- Born: 4 April 1894 Village Khathi، Taluka Garhi Yaseen, district Shikarpur, Sindh, Pakistan
- Died: 10 April 1950 (aged 56) Sukkur, Sindh
- Citizenship: Pakistani
- Occupations: Scholar, poet, journalist and historian
- Writing career
- Genres: Prose, Poetry

= Din Muhammad Wafai =

Pakistani writer

Din Muhammad Wafai ([Sindhi: مولانا دين محمد وفائي], 4 April 1894 10 April 1950) was a writer, poet and journalist of Sindhi language who was a member of the Khilafat Movement.

==Early life and education==
Din Muhammad Wafai was born on 4 April 1894 in the village of Khathi (Sindhi: کٿي) of taluka Garhi Yaseen, district Shikarpur, Sindh, Pakistan.

His father, Khalifo Hakeem Gul Muhammad Bhatti, was a scholar and poet. He received early education from his father, who died when he was nine years old. He then learned Persian from Muhammad Alim and Arabic from Ghulam Umar of Sonu Jatoi and Ghulam Qasim of Garhi Yaseen.

== Career ==
He started his career as a journalist in 1916 from Ranipur, when he launched a monthly magazine Sahifa Qadria. He then launched magazine Alkashif in 1918. He joined the daily Al-Waheed in 1920 as an assistant editor.

He was influenced by Taj Mohammad Amroti, Allama Iqbal and Abdul Majid Sindhi. He launched monthly Tauhid from Karachi in 1923, and Alhizb newspaper in 1927.

He was appointed as an editor of daily Al-Waheed in 1930. He also served as an editor of the daily Azad. In 1940, he was selected as a member of the central advisory board for promotion of Sindhi literature and also a member of the Sindhi Dictionary Committee.

He was also member of the editorial board of the literary magazine Mehran published by the Sindhi Adabi Board.
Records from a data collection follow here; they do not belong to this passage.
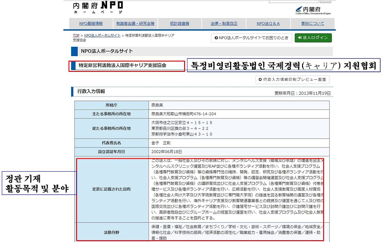 먼저 이야기해야 할 것은 <국제경력지원협회>라는 단체의 성격이다. <국제경력지원협회>는 2002년 '가네코 마사노리'라는 인물에 의해 '특정 비영리활동법인'으로 설립됐다. 이후 2015년 '일반 사단법인'으로 변경, 현재에 이르고 있다.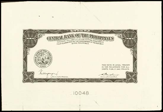 1949. P-Unlisted. 5 Centavos proof base note without denomination. Uniface front and back essay proofs. Unreleased and unissued 5 Centavos denomination large die proof base notes printed on white glossy paper . 100 x 41 mm. Black border with no undertint. Face LDP has plate # 10048 and back proof has plate # 10052. Choice Uncirculated. Rare. SBNC.
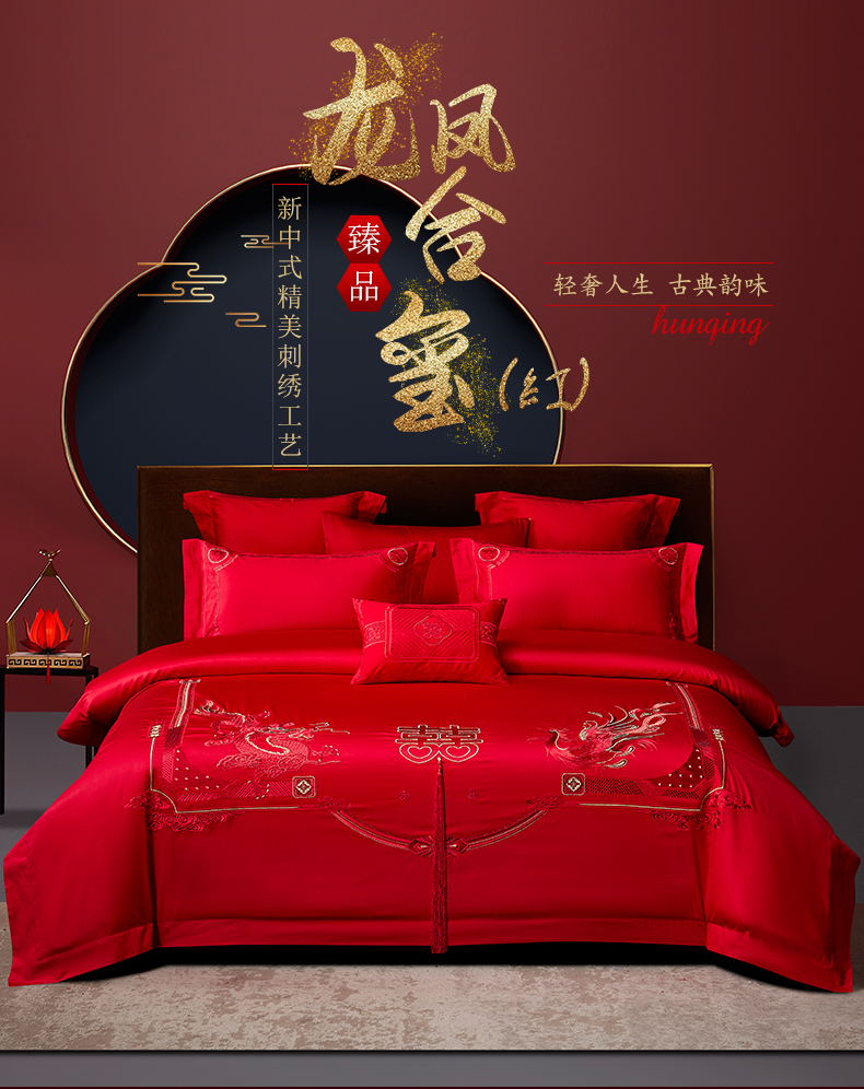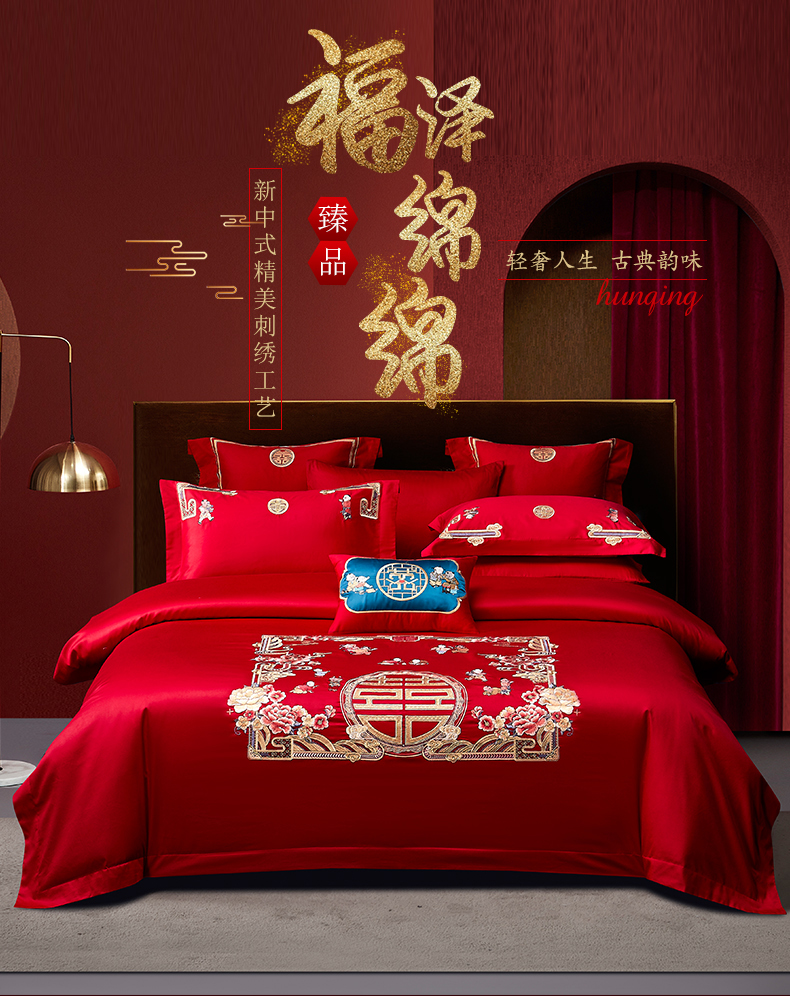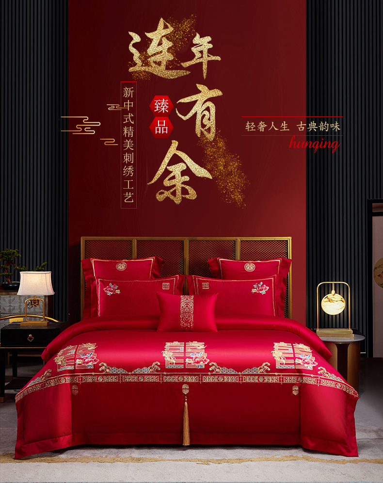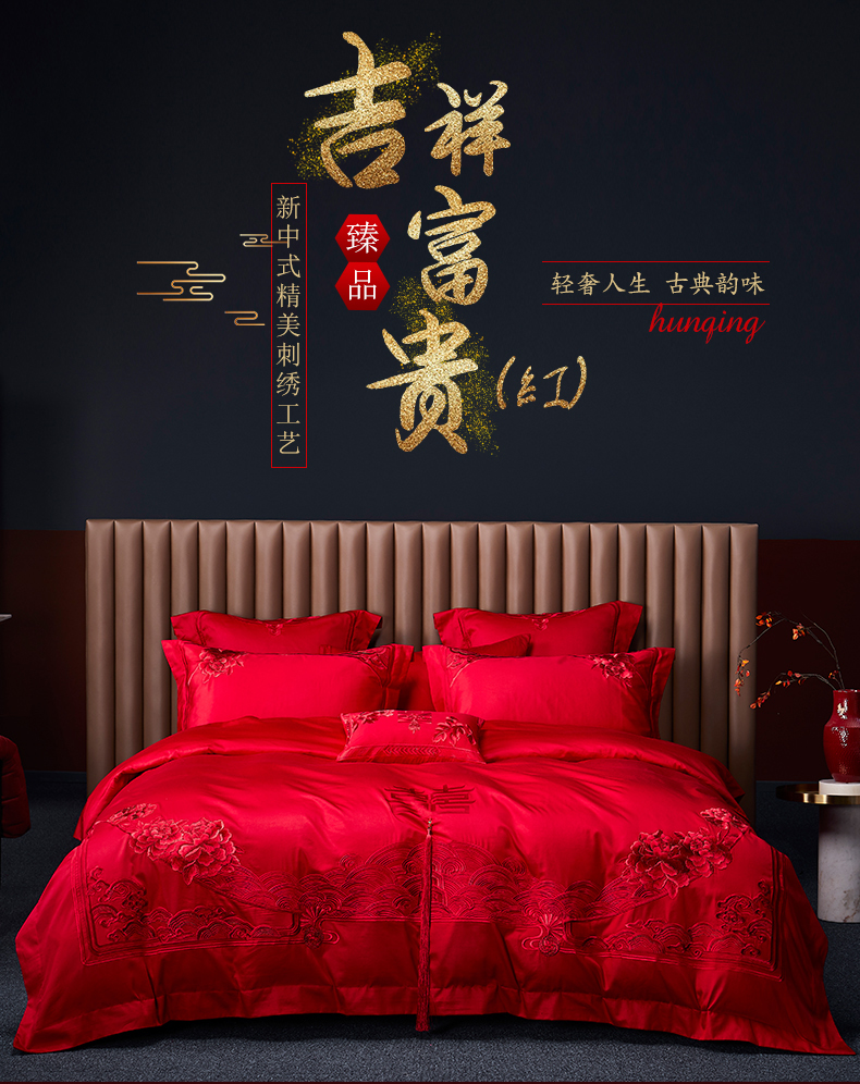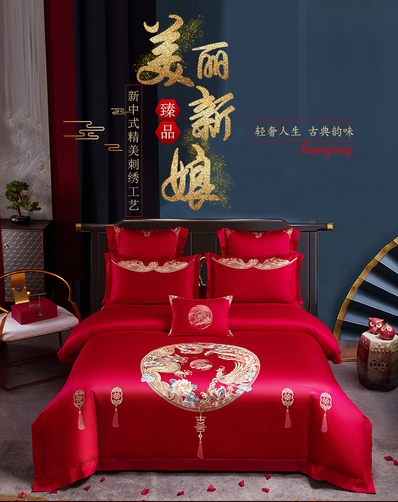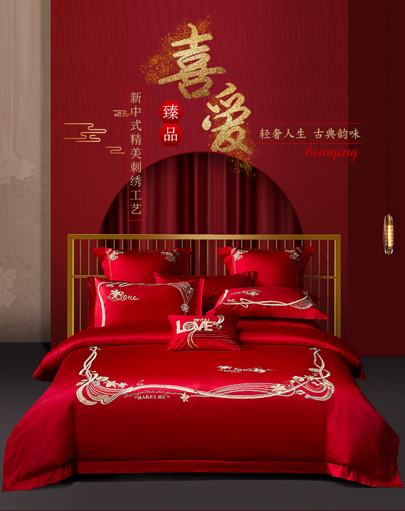 自然醒中式婚庆四件套全棉纯棉床单被套结婚床上用品新婚大红婚嫁40支GDS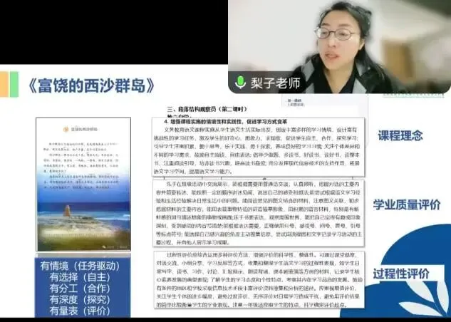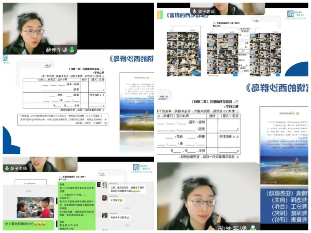 接着,黎晓老师以《富饶的西沙群岛》具体事例为我们深入剖析学习三问中学习单设计 第一课时:积累字词、正确流利朗读、整体感知大意(高段可增加了解文章表达顺序) 第二课时:抓住关键语句理解课文/体会表达效果、交流质疑、有感情朗读背诵、联系生活仿写/说写。老师们积极互动。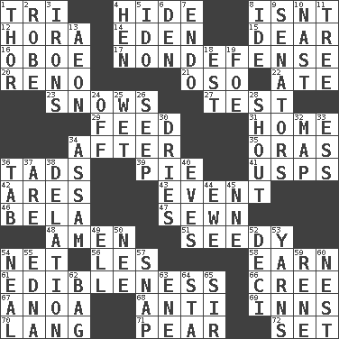 ACROSS 1. Three (prefix) 4. Flintstone garb 8. Is not 12. Israeli folk dance 14. Genesis locale 15. Letter starter 16. Mitch Miller's instrument 17. Unrelated to defense, as in spending 20. Former U.S. Attorney General Janet 21. Bear (Spanish) 22. Had dinner 23. Overwhelms 27. Trial 29. Nourish 31. Residence 34. Following 35. Mouths or openings 36. Bits 39. Sliced dessert 41. United States Postal Service (abbr.) 42. Ancient Greek god of war 43. Incident 46. Actor Lugosi 47. Stitched 48. So be it 51. Sleazy 54. Remaining after all deductions 56. French article 58. Merit 61. The property of being fit to eat 66. Algonquian 67. Small Philippine buffalo 68. Against 69. Restaurants 70. Long (Scottish) 71. Lightbulb-shaped fruit 72. Arrange properly for use DOWN 1. Son of Odin 2. Loose flowing garment 3. Removes the wrinkles 4. Layer 5. Wedding promise 6. Lair 7. Inside; within (prefix) 8. Binary compound 9. Elected representatives 10. Political cartoonist Thomas 11. Family _ (genealogy) 13. Period of immesurable duration 18. Eastern Standard Time (abbr.) 19. Enemy 24. No longer planned or scheduled 25. Soggy 26. Ooze 28. Yell 30. Frees from moisture 32. Atlas unit 33. Double-curved letter 34. Indian state 36. Keyboard key 37. "We ___ not amused" (Victoria) 38. Accusation by an informer 40. Nights before holidays 44. She-sheep 45. Compass dir. 49. Pipe bend 50. Born 52. Tenth: prefix 53. Entertaining tales 54. Actress Patricia 55. Pulitzer Prize-winning author Ferber 57. Fastener 59. French philosopher Descartes 60. Egg locale 62. Container for groceries 63. Compass dir. 64. R.R. building 65. Title for a knight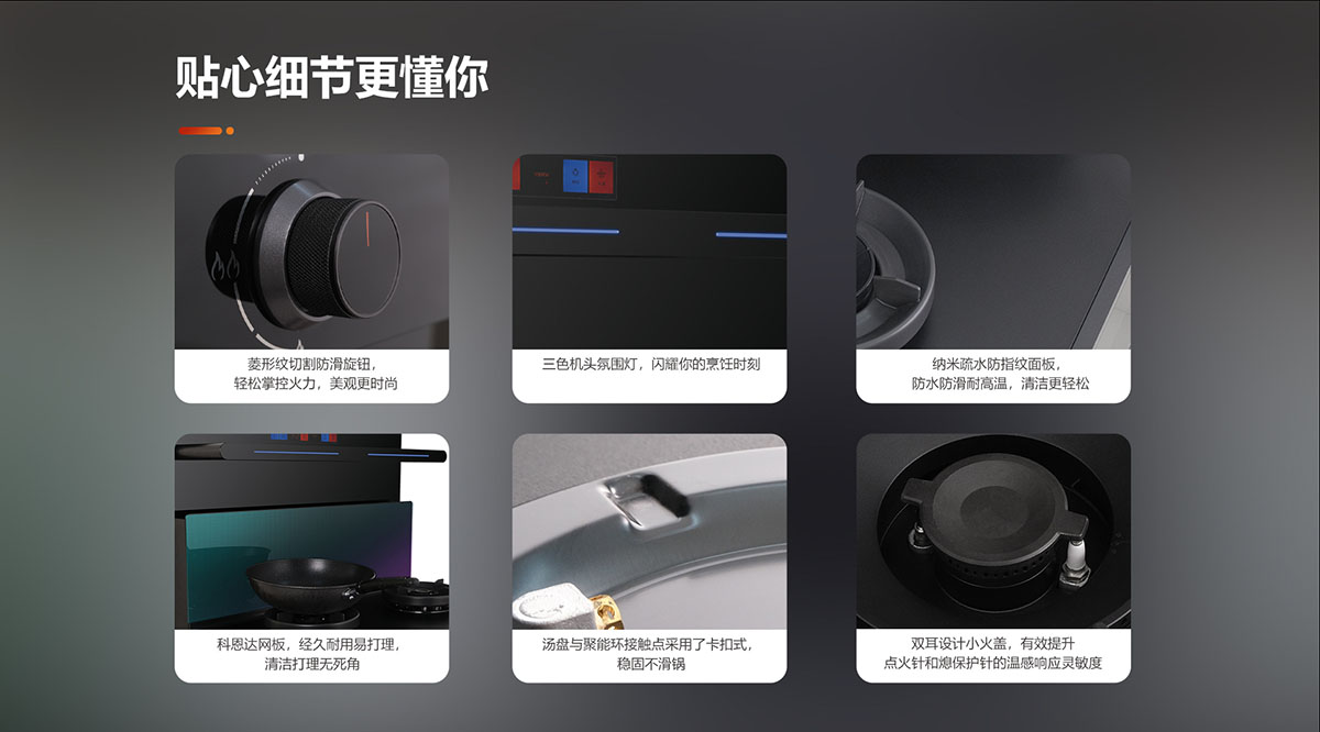 - 創新蘋果機頭,懸浮式隔煙設計,油煙0擴散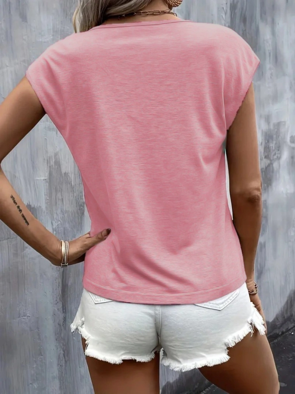 Kadın Kısa Kollu V Yakalı Kalp Baskılı Viskon Bluz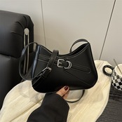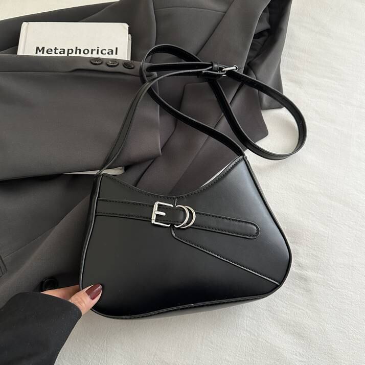 洗練されたフォルムにベルトモチーフがアクセントの、トレンド感あふれるショルダーバッグ。コンパクトながらもマチ幅がしっかりあるので、スマホや財布、小物などデイリー必需品がしっかり収まります。軽量設計で持ち歩きやすく、長時間のお出かけや旅行にもぴったりです。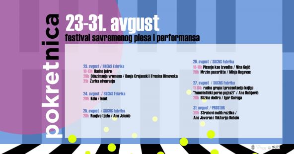 Pokretnicu će otvoriti "Pojmovnik Oduzimanja vremena" Dunje Crnjanski i Frosine Dimovske, u utorak 23. avgusta u 20 časova u SKCNS Fabrici. Posle onlajn izvođenja na Tanztage festivalu u Berlinu i delegiranog izvođenja na Um(j)etnosti predavanja u Kelnu tokom 2021, "Pojmovnik" će imati svoje prvo predstavljanje uživo u Novom Sadu.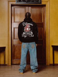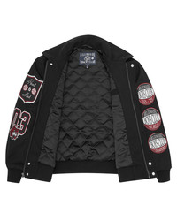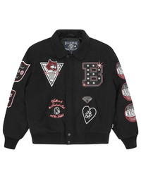 Alumni Collared Varsity Jacket featuring multi graphic embroidery on both the sleeves and front; it is detailed with a full-length embroidered mascot cat and logo on the back. - Black - Embroidered multi graphics and felt patches on the front - Embroidered felt patches on the sleeves - Embroidered Billionaire Boys Club cat mascot on the back - Chain stitched Billionaire Boys Club logo on the back - Popper-fasten branded closure hiding the zip - Elasticated waistband and cuffs - Diamond quilted lining with internal pocket - Two front pockets - Shell: 50% Wool, 50% Polyester; Lining/Filling: 100% - Polyester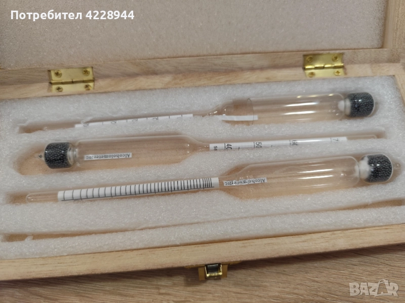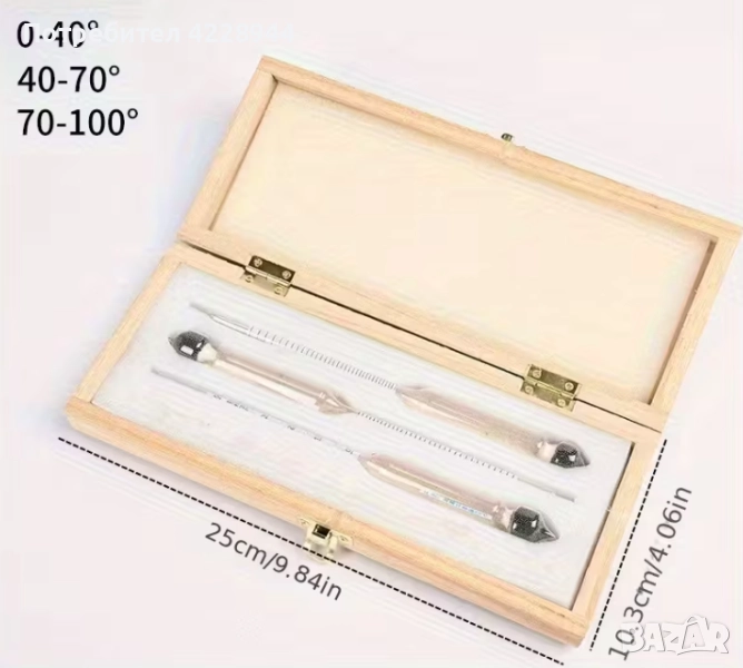 Подредени в елегантна дървена кутия, спиртомерите са лесни за съхранение и отлична идея за подарък за всеки майстор на домашна ракия.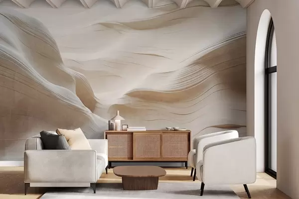 Papier peint Murs texturés en grès canyon avec des courbes et des textures douces et fluides, beauté naturelle, minimalisme N° w09533

After the creation of Pakistan, in January 1949, Sindh government formed a committee to develop Sindhi course books, and Wafai was a member of that committee.

== Books ==
Din Muhammad Wafai authored more than 60 books.

These include:
- Aitqad Sahih: Mazhab Ahel-e-Hadith (Sindhi: اعتقاد صحيح: مذھب اھل حديث)
- Alham-e-Bari (7 volumes), (Sindhi: (ست جلد) الھام باري), Translation
- Alham-e- Barul Mubeen (Sindhi: الھام برالمبين), Translation
- Azkar-e-Hussain (Rad Sheeaa Yadgar-e-Hussain), (Sindhi: اذڪار حسين (رد شيعہ يادگار حسين))
- Farooque-e-Azam (Sindhi: فاروق اعظم رضيہ)
- Fatooh-ul-Ghaib (Sindhi: فتوح الغيب)
- Ghaus -e- Azam (Sindhi: غوث اعظم رحہ)
- Imdad-e-Yateema (Sindhi: امداد يتيمہ)
- Intkhab Sahih Bukhari (Sindhi: انتخاب صحيح بخاري)
- Hyder-e-Karar (Sindhi: حيدر ڪرار رضيہ)
- Islami Zindagi (Islamic Life, Sindhi: اسلامي زندگي), published in 1924.
- Khatoon-e-Jannat (Sindhi: خاتون جنت)
- ۡLutuf-ul-Latif (Sindhi: لطف الطيف), A study of Shah Jo Risalo
- َQurani Sadaquat (Sindhi: قرآني صداقت)
- Rahat-ul-Rooh Tazkirah Nooh (Sindhi: راحت الروح تذڪرہ نوح)
- Siddique Akbar (Sindhi: صديق اڪبر رضيہ)
- Syedna Usman (Sindhi: سيدنا عثمان رضيہ)
- Tareekh-e-Muhammadi (Sindhi: تاريخ محمدي صہ)
- Tazkirah Mashahir-e-Sindh, Part I, II & III (Sindhi: تذڪرہ مشاھير سنڌ), Biographies of saints of Sindh
- Tauheed-e-Islam (Sindhi: توحيد اسلام), Translation
- Yad-e-Janan (Sindhi: ياد جانان), Memories of Jan Muhammad Junejo and others in the Hijrat Movement
- Zindagia Jo Maqsad (Phalsafah Ilim-un-Nafs), (Sindhi: زندگيءَ جو مقصد (فلسفہ علم النفس))

== Death and legacy==
Din Muhammad Wafai died on 10 April 1950 in Sukkur. He was buried in Waria Jo Tarr graveyard of Sukkur.

Din Muhammad Wafai was a teacher, journalist, writer, historian and an active member of Khilafat Movement mainly in the region of Sindh of British India and later in Pakistan.